Старик точечно дважды постучал по лазу прикладом, дав сигнал Евсееву, что уже можно выбираться. Евсеев с опаской отворил люк и не спеша выбрался на свет. Увидев кровавое месиво, он не отвёл взгляд в сторону и не выразил в голос какое-нибудь сожаление, а просто стал обыскивать тела убитых. Первое что Евсеев обнаружил, был пистолет в футляре.
- Даже вытащить из кобуры не успели,- наконец-то что-то промямлил Евсеев, любопытствуя полон ли магазин для пуль.

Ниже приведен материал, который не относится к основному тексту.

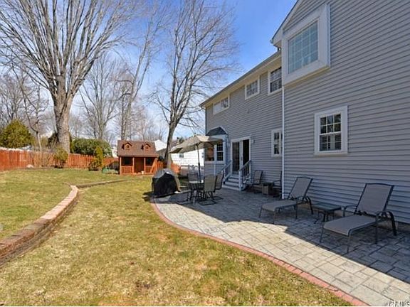 Updated colonial set at the end of a cul-de-sac in the Long Hill area of Trumbull. Featuring an open floor plan, spacious eat-in kitchen w/ corian counter tops, tumbled marble backsplash, large butcher block island w/ seating opens to large fmly rm. Living rm w/ built-ins, brick frplc & mantle. Sunroom offers gorgeous space w/ cathedral ceilings & wall of windows. French doors lead to the patio, hot tub & rear grounds. Master suite is spectacular, cathedral ceilings, custom window, and full mstr bath. Three additional spacious Bdrms share another updated hall bth. Lower Level is finished & has a full bthrm, Outside, a stone patio runs most of the length of the home w/ two separate entrances in & out. Fenced in & private back yard. See add.

А как только Евсеев коснулся пальцем курка, сработала электрическая блокировка, и мародёра стегануло током. Уронив от неожиданности чужое табельное оружие, он снова поднял его, вытер рукоятку скатертью, чтобы стереть отпечатки и вернул чужое обратно в футляр. Единственную толковую вещь, которая приглянулась Евсееву, он решил забрать с собой, это был сканер личности. Он-то уж точно током не жахнет. Евсеев безуспешно попытался оттереть гаджет от засохшей крови и положил его во внутренний карман куртки.
- Так значит ты Игорь, а не Коля?- спросил старик, наблюдая за малодушием Евсеева.
- Прости Степаныч. Не мог я тебе настоящее имя сказать. Не знал я, как с тобой сложится отношение в ходе дальнейшего разговора. В любом случае, это имя для меня больше не существует. Я его забыл и ты забудь. Теперь у меня новая жизнь под новым именем.
- Что ж такого-то произошло у тебя в прошлом, что ты от имени, данном при рождении, отказался?
- Хороший вопрос...,- Евсеев только намерился ответить, но сам себя прервал на полуслове, скривил досадное лицо, и дальше рассказывать не решился.
Пришлось перевести тему:
- Неужели никто из этой когорты не курит? И пользы от них никакой,- проворчал Евсеев, продолжив снова обыскивать униформу на мёртвых телах.
Гипертрофированное сочувствие Евсеева к погибшим, поражало старика с каждой секундой.
- Тебе их совсем не жалко?- незамедлительно поинтересовался старик, пристально посмотрев в глаза Евсееву.
- От чего же. Жалко. Особенно девчонок молодых, но им уже не помочь,- безэмоционально ответил Евсеев и, с удивлённой интонацией продолжил беседу, - Ты видел, кто это сделал? Ты видел их глаза?
- Нет. Я струсил. Я даже не смог пошевелиться. Мои ноги и руки будто отказали,- невнятно процедил старик, потупив взгляд в землю,- Но раньше я уже встречал эти леденящие глаза.
- Не вздумай винить себя Степаныч. Любой бы на твоём месте оцепенел. Впрочем, я тоже особо не рвался им на выручку. Тем более, что зверей там было четверо.
- Четверо?
- Может и больше. Это только то, что я успел увидеть, прежде чем закрыл люк.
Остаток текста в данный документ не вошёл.